RAS-associated autoimmune leukoproliferative disorder

= RAS-associated autoimmune leukoproliferative disorder =

RAS-associated autoimmune leukoproliferative disorder (RALD) is a rare genetic disorder of the immune system. RALD is characterized by lymphadenopathy, splenomegaly, autoimmunity, and elevation in granulocytes and monocytes. It shares many features with autoimmune lymphoproliferative syndrome and is caused by somatic mutations in NRAS or KRAS. This was first described by investigators João Oliveira and Michael Lenardo from the National Institutes of Health.

==Presentation==
Clinically, RALD is characterized by splenomegaly, a relatively mild degree of peripheral lymphadenopathy, and autoimmunity. The autoimmune phenotype can present in childhood or adulthood and primarily includes autoimmune hemolytic anemia, ITP, and neutropenia. Some patients have a history of recurrent respiratory tract infections. It is unclear if increased risk for malignancy is part of RALD.

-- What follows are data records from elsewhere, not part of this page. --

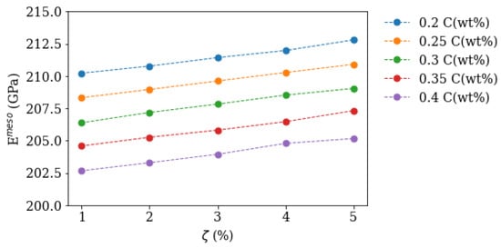 Therefore the mesoscopic modulus is first calculated as a function of precipitate volume fraction and carbon content using the microscopic model as homogenisation function f. This data serves as a preliminary result and is shown in Figure 2.
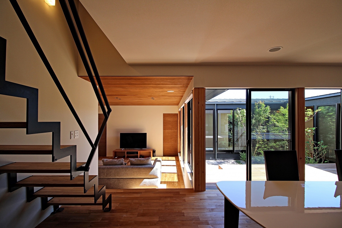 外観のシンプルなイメージからは想像出来ない優雅な中庭を構えた邸宅。エントランスから分岐される居住空間とゲストルームは『隠れ家』的な世界観を演出している。趣味のサロンを別室に構えながらもプライベートなライフスタイルを確立した。全館に流れる音響と光の陰影でゲストの五感を高揚させる。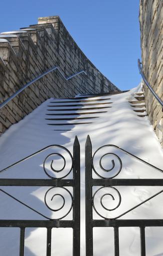Keywords: stairs gate iron gate snow winter season architecture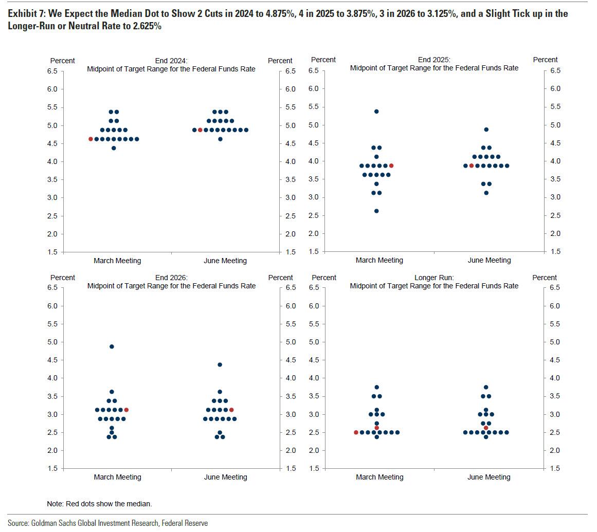 下图是高盛对于今晚点阵图变动的预估。整体来看,高盛与多数华尔街人士一样,预计6月点阵图中值将显示2024年降息两次至4.875%(3月份点阵图为降息三次),2025年降息四次至3.875%(3月点阵图为降息三次,但其实两年的总降息幅度不变),2026年将降息三次至3.125%(保持不变)。

Importantly, however, the clinical and laboratory phenotype resembles juvenile myelomonocytic leukemia. The high fatality rate of this childhood blood cancer puts it in sharp contrast when compared to the relatively benign and chronic course of RALD. Approximately 15-30% of patients diagnosed with JMML have somatic, activating RAS mutations. However, due to the difficulty in distinguishing JMML from RALD, it is possible a subset of patients treated for JMML actually have RALD and could therefore avoid the aggressive JMML treatment. This distinction is under investigation.

==Genetics==
RALD is caused by gain-of-function somatic mutations in the genes NRAS or KRAS. NRAS and KRAS are members of the RAS subfamily and are implicated in many types of cancer. Somatic mutations are changes in DNA that occur after conception. Although generally somatic mutations can develop in any cell of the body, in RALD the somatic mutations only reside in the blood cells. Because these mutations are acquired and not in the germline, they cannot be inherited or passed on to children.

===Function===
Somatic RAS mutations greatly diminish the GTPase activity within the cell. The reduced GTPase activity locks the cells in an activated state and degrades the pro-apoptotic BIM protein, thus making the cells resistant to apoptosis. In contrast to ALPS, this apoptosis defect does not involve the FAS pathway.

==Diagnosis==
RALD patients show normal to modestly decreased total lymphocytes, mild to no elevation in αβ-double negative T cells, a relative expansion of B cells, and elevated granulocytes and monocytes. The absolute or relative monocytosis in particular is an important characteristic of this disorder and help differentiate it from ALPS. Autoantibodies are also common.

==Research==
Investigators at the National Institute of Allergy and Infectious Diseases at the US National Institutes of Health currently have clinical protocols to study new approaches to the diagnosis and treatment of this disorder.